Quiet Machine Studio

on-this-day · august 14

Page from the Mainz Psalter showing early color printing

page from the mainz psalter, 1457. source: wikimedia commons

The First Color Print

On this day in 1457 — The first known color printing was produced, using a psalter in Mainz, Germany.

2 min read

On August 14, 1457, the Mainz Psalter was completed -- the first book printed with multiple colors. Johann Fust and Peter Schoffer used movable type with colored inks applied to specific letters. Red and blue initials stood out against black text, creating visual hierarchy that guided the eye. This was not hand-illumination. It was mechanical reproduction in color. Every copy identical. The Mainz Psalter proved the printing press could design for visual impact.

Gutenberg had introduced movable type just two years earlier with his 42-line Bible, but using only black ink. Fust and Schoffer, who had worked with Gutenberg before a bitter legal dispute ended their partnership, pushed further. They developed a method to print multiple colors in a single pass by inking specific sections differently. Registration had to be perfect. If it was off, colors would blur. That it worked at all was an achievement.

The Psalter was a luxury object, only a few dozen copies printed. But its significance was the proof of concept. Color printing was possible. Information could be layered visually. The red initials were not decoration -- they were navigational, telling the reader where to start, where to pause.

Page from the Mainz Psalter printed by Johann Fust and Peter Schoffer in 1457

a page from the mainz psalter (1457), the first book printed with multiple colors using mechanical movable type, produced by johann fust and peter schoffer. source: wikimedia commons

Color printing evolved slowly. For centuries, most printed material stayed black and white. It took until the 19th century for multi-color printing to become practical at scale. By the 20th century, color was everywhere.

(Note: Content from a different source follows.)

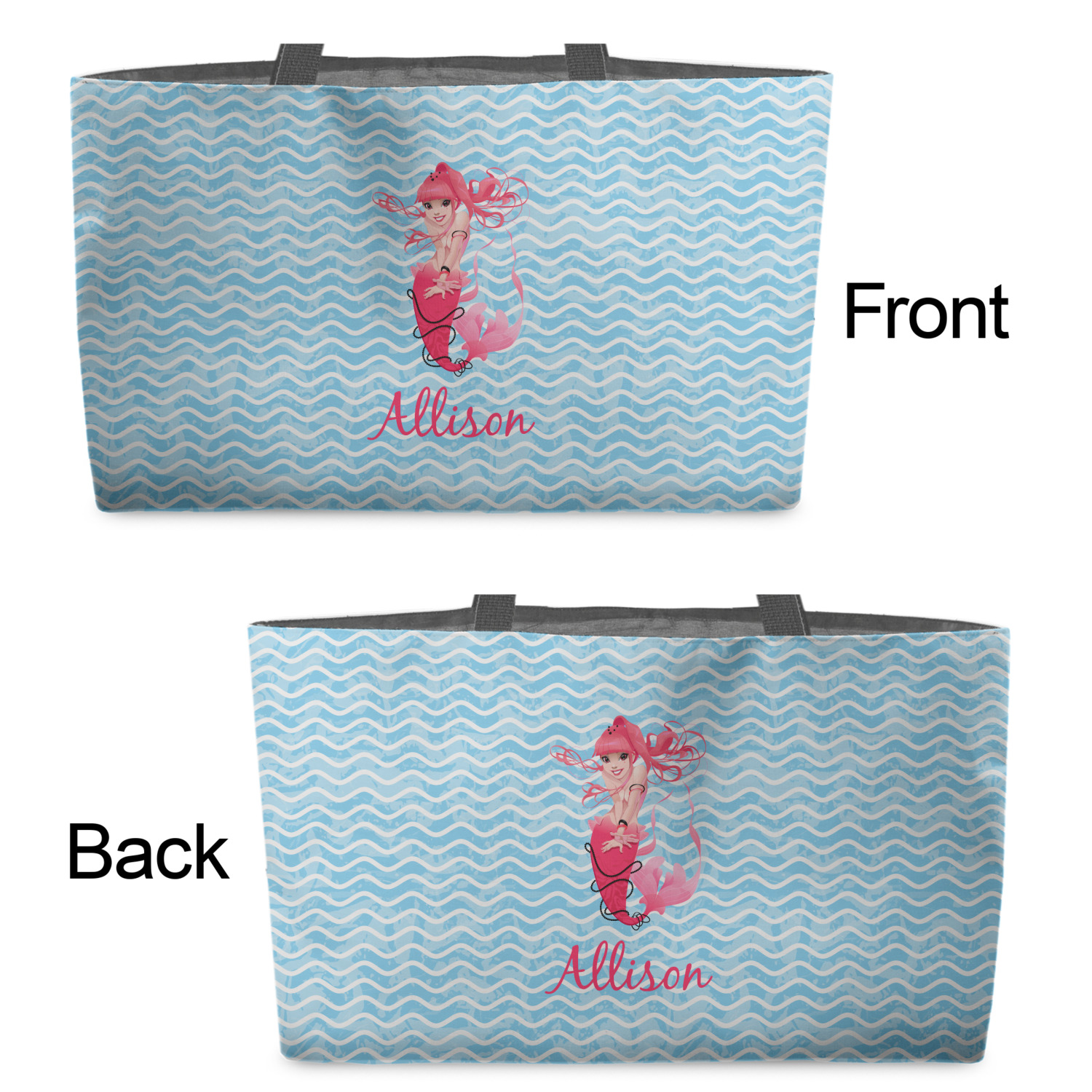 You can design the totes with a design on the front and another one on the back. The two designs can be identical or completely different. The choice is yours.
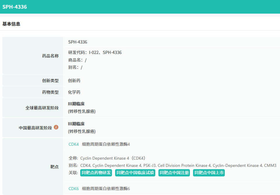 SPH4336是一种新型高选择性口服抑制剂,具有广谱的抗肿瘤作用。该产品对CDK4/6靶点具有较高的选择性,同时具有广谱抗Rb阳性肿瘤活性。本次获批临床的适应症为SPH4336片联合第三代EGFR-TKI奥希替尼治疗KRAS突变型晚期实体瘤。

The Mainz Psalter sits in libraries now, fragile and rare. But the principle endures. Color is information. It creates hierarchy, directs attention, conveys emotion. Every website, every app uses color to guide the user, just as Fust and Schoffer used red and blue to guide the reader. Design is not just what something looks like. It is how it works. In 1457, color became part of how printed pages worked.